The reasoning supporting majority rule is that tortfeasor is liable for additional bodily harm resulting from efforts of third persons to render aid to injured party and to allow injured party to recover from both original tortfeasor and treating physician would permit double recovery. Hull v. Wolfe, Okl., 393 P.2d 491; Cimino v. Alway, 18 Ariz.App. 271, 501 P.2d 447, at 450; Annotation, Physician-Negligent Treatment, 39 A.L.R.3d 260, at 263-264.
In recent years a number of cases have repudiated “majority” rule. 39 A.L.R.3d 264; Fieser v. St. Francis Hospital and School of Nursing, Inc., 212 Kan. 35, 510 P.2d 145; Thornton v. Charleston Area Medical Ctr., W.Va., 213 S.E.2d 102; Cimino v. Alway, supra; Smith v. Conn, Iowa, 163 N.W.2d 407; Hansen v. Collett, 79 Nev. 159, 380 P.2d 301; DeNike v. Mowery, 69 Wash.2d 357, 418 P.2d 1010.
These cases hold that whether release constitutes bar to action against treating physician is question of intent of parties to release.
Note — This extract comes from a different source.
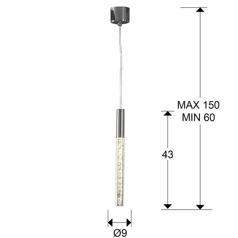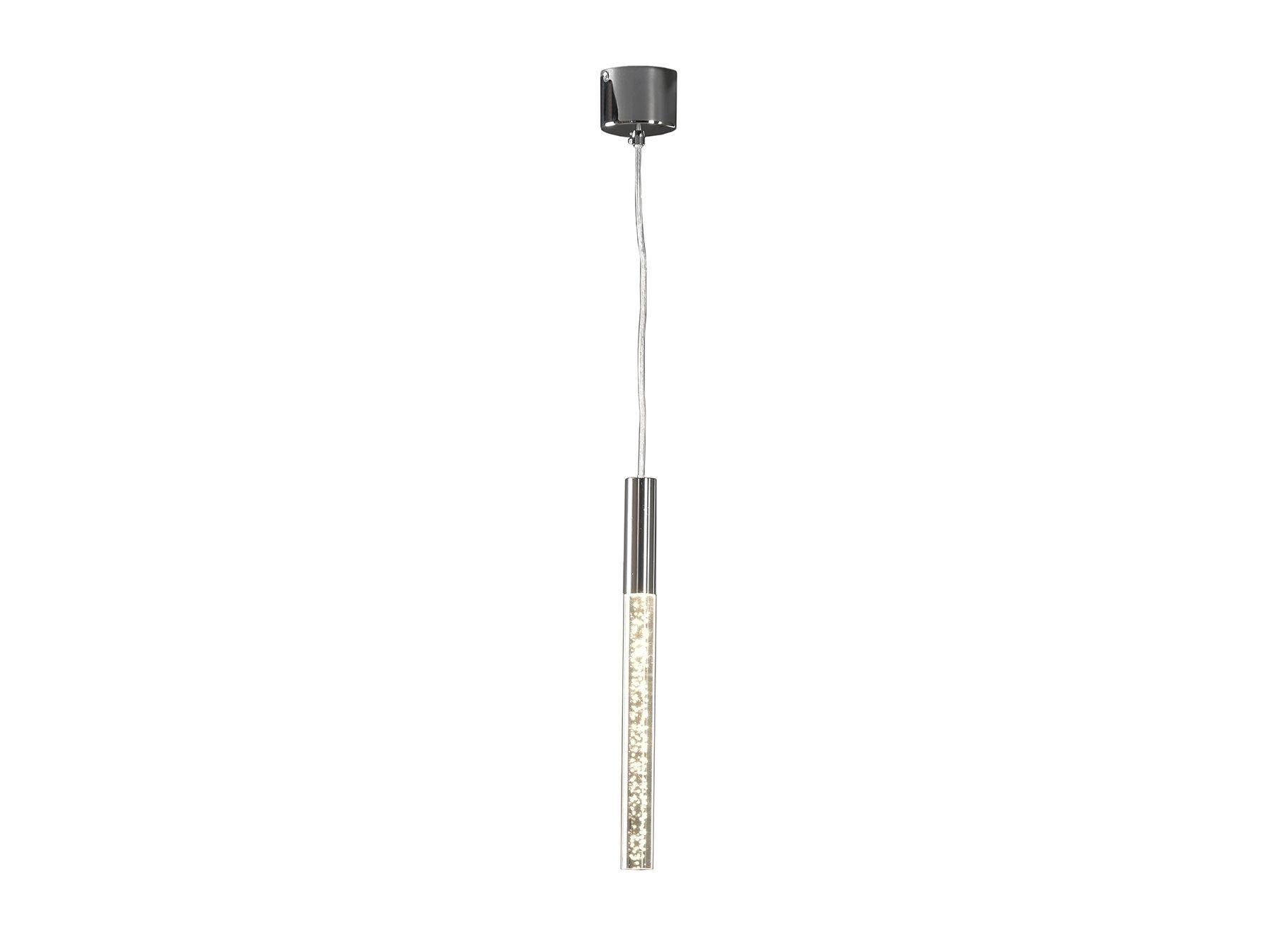Подвесной светодиодный светильник из металла с покрытием "блестящий хром", с трубкой из прозрачной акриловой пластмассы с декоративными пузырьками внутри.

We conclude Farrar v. Wolfe, supra, is distinguishable from present case. Therefore, we need not determine whether we should repudiate a majority “rule.”
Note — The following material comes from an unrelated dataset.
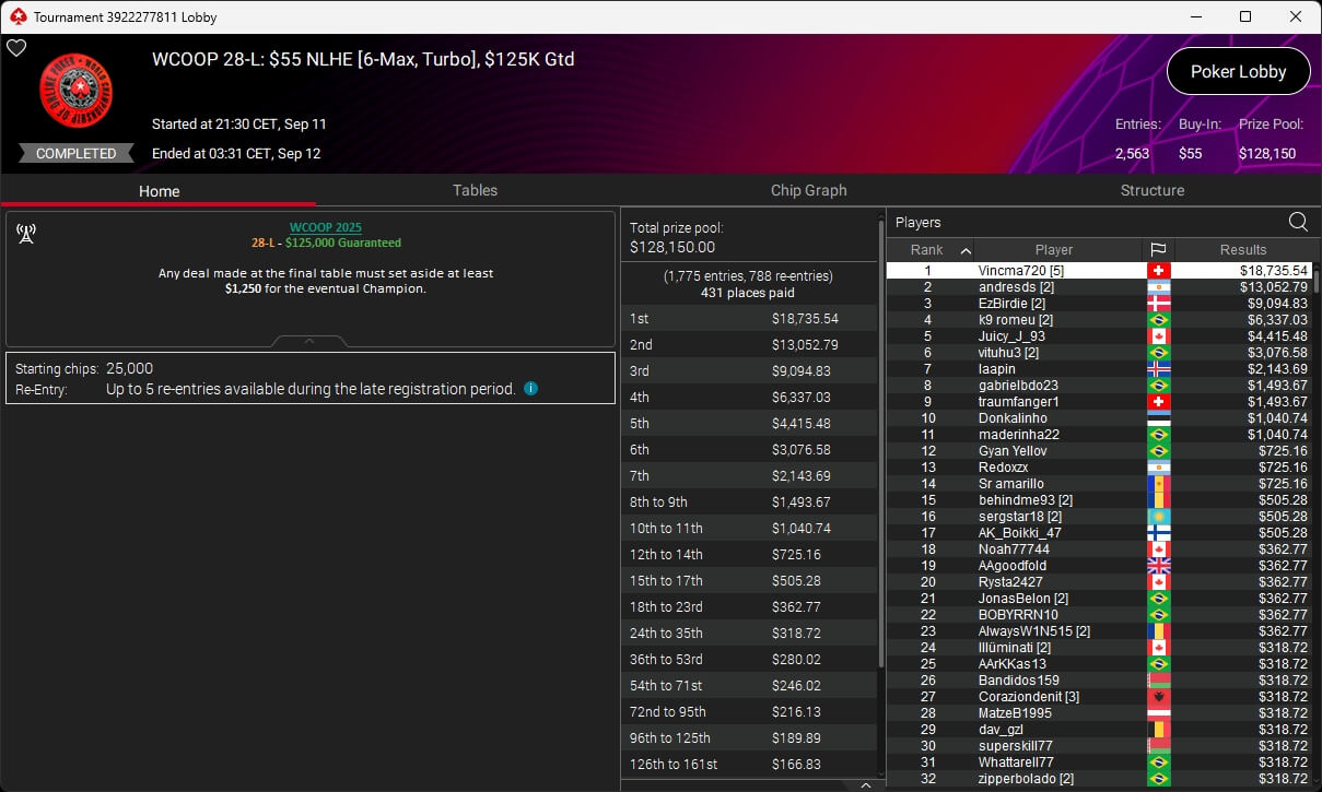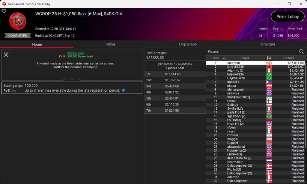 B00mslang aus Deutschland hat bei der PokerStars World Championship of Online Poker 2025 zwei Titel eingespielt. Ebenfalls WCOOP-Gold sicherte sich Vincma720 aus der Schweiz.

The opinion in Farrar v. Wolfe, supra, does not indicate whether plaintiff was aware of treating physician’s malpractice at time she released original tortfeasor.
Present case is distinguishable because plaintiff’s allegations indicate malpractice did not occur, or he did not become aware of it, until after settlement with original tortfeasor. Therefore, if these allegations are true, plaintiff was not aware of mal
We adopt the reasoning of DeNike v. Mowery, supra, wherein the court considered similar case and stated:
“ * * * neither Mr. DeNike nor his counsel had any reason to suspect malpractice until some five months after the settlement * * * Thus, there can be no question that the amount of the settlement — whether secured by a release or by a consent judgment — was not intended to cover the harm, or the risk of harm, of negligent treatment.
“ * * * in the instant case, the consent judgment could not possibly have been entered with a view to covering the damages incident to negligent treatment, since Mr. DeNike had no knowledge, nor should he have known, of Dr. Mowery’s failure to comply with the standards of medical practice * * *
“ * * * Where, as herein, they had no reason to consider the possibility of malpractice, the subsequently executed release (or entry of consent judgment) does not discharge the negligent treating physician.”
We conclude trial court erred by sustaining defendants’ motion for judgment on pleadings.
Certiorari granted, opinion of Court of Appeals vacated, judgment of trial court reversed and remanded with directions to proceed in accordance with principles enunciated herein.